[Records from a collection]

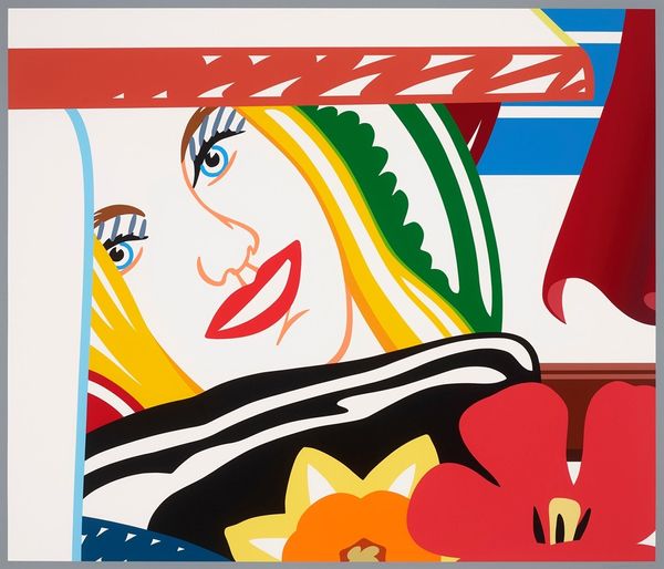 Curator: Oh, wow, that hits me right in my late-80s suburban teen heart! Talk about glamour, innocence, and, dare I say, a touch of wistful longing. Editor: You’re reacting, I presume, to "Bedroom Blonde with Iris," a 1987 acrylic on canvas created by Tom Wesselmann. Curator: I am! It's got that bold, flat color that’s just undeniably Pop. And that blonde! I bet she drove a convertible. Editor: It’s fascinating how Wesselmann pulls the tropes of advertising into fine art. He elevates the everyday, using simplification, clean lines, and striking colors to create these icons of American life. Curator: Absolutely. It’s so glossy it's almost sterile, yet something about the slightly sad eyes and the iris gives it a fragile humanity. Flowers always give tenderness in his oeuvre. Is that a fair reading? Editor: Flowers are classic symbols of beauty and fleeting life; and a commercial icon cannot have flaws, after all! I wonder about the male gaze though. It is like a passive, posed female presence in this constructed bedroom tableau. Curator: Ah, see, I almost bristle at that. The “gaze” idea feels overdone to me these days. I look at this woman, and I feel empathy. And maybe even… a little bit of boredom? Like she’s in a fancy magazine ad, but inside, she's craving something real. Perhaps a rebellion against such constructed roles. Editor: I take your point about empathy. The irises certainly introduce vulnerability, undercutting the slick perfection. We see this pop style often flattened human figures into objects, losing emotion for the sake of a clear, mass-producible image. Curator: Exactly. It's that tension between the slick surface and the emotional undercurrent that makes it sing to me. He understood the contradictions of our culture: desire, aspiration, the impossible pursuit of beauty. It can break you or empower you, I guess. Editor: Well said! Wesselmann gives us much to ponder—the evolving nature of art and femininity within an image-saturated culture. Curator: I leave wanting to write a short story or at least binge watch some period movies now, so yeah. Editor: For me it is considering who defines such "aspirational" states and toward what ends... Intriguing, really, how the same image sparks such divergent pathways.
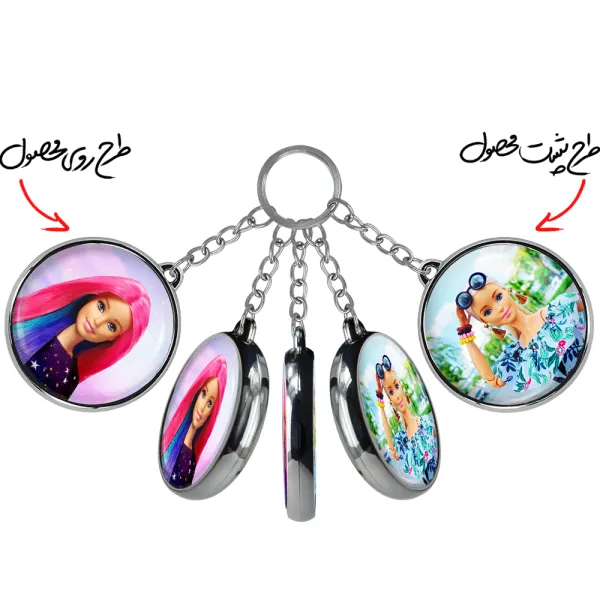 جاکلیدی دوطرفه عروسک باربی خندالو محصولی کاربردی و جدید است که در هر دو سمت محصول، تصویری متفاوت اما از یک موضوع چاپ شده و تفاوت اصلی آن با جاکلیدی های یک طرفه در همین است که هر دو سمت پشت و روی جاکلیدی، طرحی دیدنی و جذاب دارد. همچنین رینگ بکار برده شده برای دور طرح ها آبکاری کروم درجه یک و رنگ ثابت است و برخلاف سایر محصولات مشابه، از رنگ های متفرقه و یا سفید استفاده نشده، که این مهم، زیبایی محصول نهایی را چند برابر کرده است. جاکلیدی های دوطرفه عروسک باربی با استفاده از روکش سلفون براق ضدخش تولید شده که خاصیت ضدخش بودن آن عمر مفید استفاده از جاکلیدی ها را افزایش میدهد. چاپ جاکلیدی ها با دستگاه های استاندارد و با بهترین سطح کیفیت صورت گرفته و طرح با شفافیتی مثال زدنی و با سلفون چسبی تولید شده است که باعث شده محصول نهایی بدون شکست نور دیده شود. همچنین بسته بندی جذاب و مینیمال جاکلیدی دوطرفه عروسک باربی ، آنها را محصولی مناسب هدیه کرده است. زنجیر و حلقه بکار برده شده در جاکلیدی خندالو از نوع حلقه ضخیم و محکم بوده و حین استفاده آسیب نمی بیند.
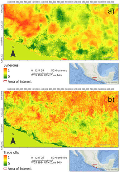 Figure 4b shows the areas of greatest trade-offs of ecosystem services in the north and northeast of the study area. These trade-offs imply that the increase in one of the services causes the detriment of another. On the other hand, it is observed that the regions with lower trade-off values are those related to the coast.
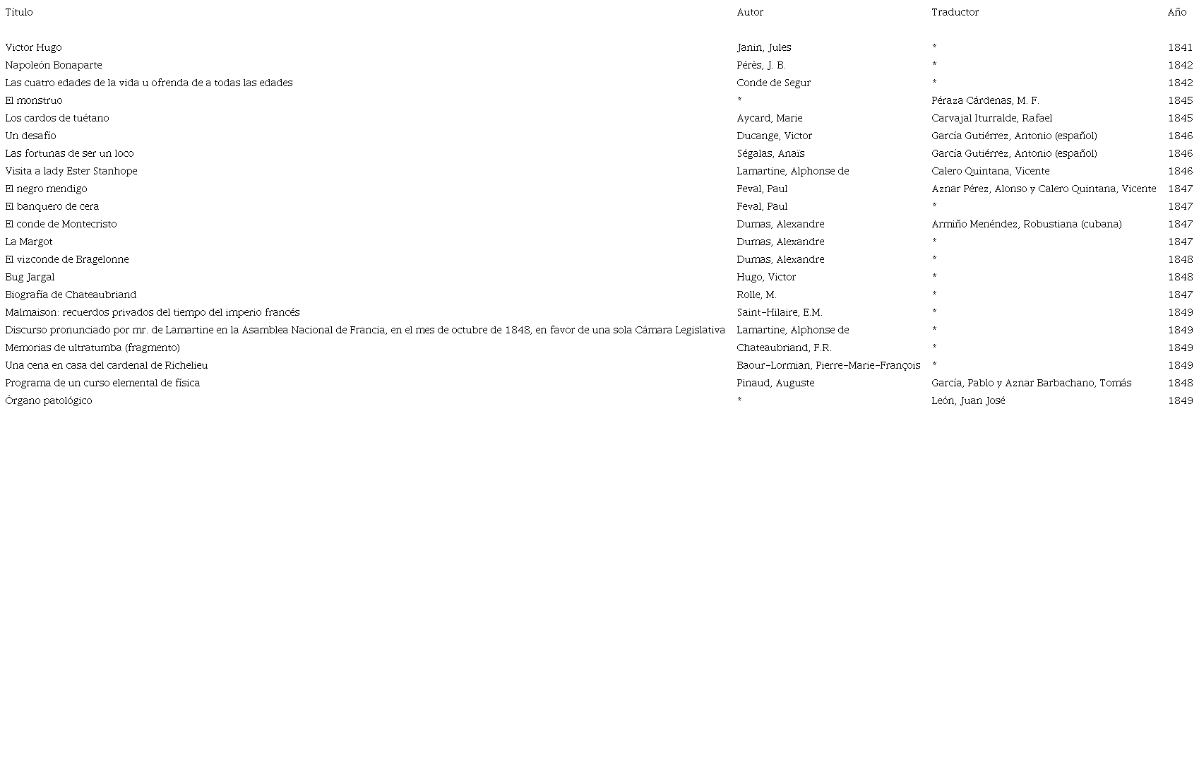 Este conocimiento avanzado de personajes, episodios, autores y libros franceses marchó a la par de la publicación de traducciones en la prensa literaria de Campeche y Mérida (véase cuadro 3). Al respecto, si bien la mayoría de los textos que se han identificado son reediciones provenientes de la prensa española y de la ciudad de México, consta que a partir de 1845 hicieron su aparición traductores campechanos y yucatecos: Tomás Aznar Barbachano, Alonso Aznar Pérez, Vicente Calero Quintana, Rafael Carvajal Iturralde, Pablo García Montilla, Juan José León y Martín Francisco Peraza Cárdenas.
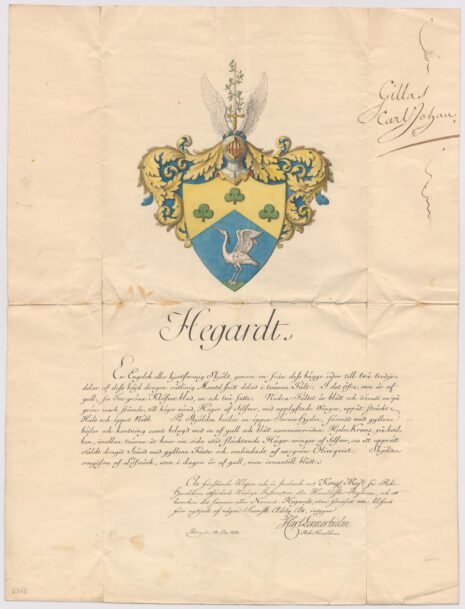 Approberad vapenritning för adliga ätten Hegardt, nr 2262.
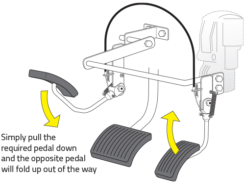 Designed for automatic vehicles with hanging pedals (mounted from the bulkhead), the Twin Folding system mechanically replicates the standard accelerator pedal on the left side of the brake.
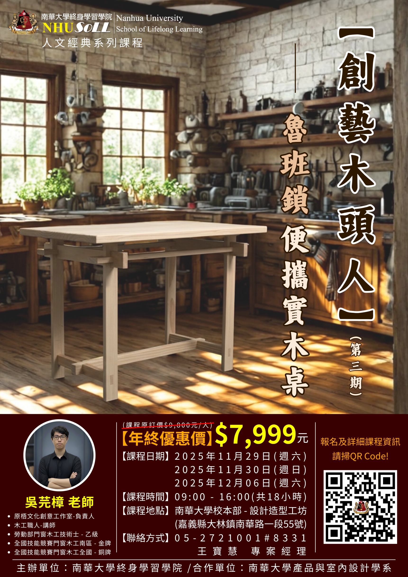 附加檔案:南華大學『114年11-12月份開辦之【創藝木頭人】(第三期):魯班鎖便擕實木桌課程資訊』1.jpg (1.98 MB)

_ABOUT THIS TASK:_ Reproduce nothing but the lines from the line containing "Designed for automatic" through the last line of the data above, exactly as written and without pictures.

_REPLY:_
 Designed for automatic vehicles with hanging pedals (mounted from the bulkhead), the Twin Folding system mechanically replicates the standard accelerator pedal on the left side of the brake.
 附加檔案:南華大學『114年11-12月份開辦之【創藝木頭人】(第三期):魯班鎖便擕實木桌課程資訊』1.jpg (1.98 MB)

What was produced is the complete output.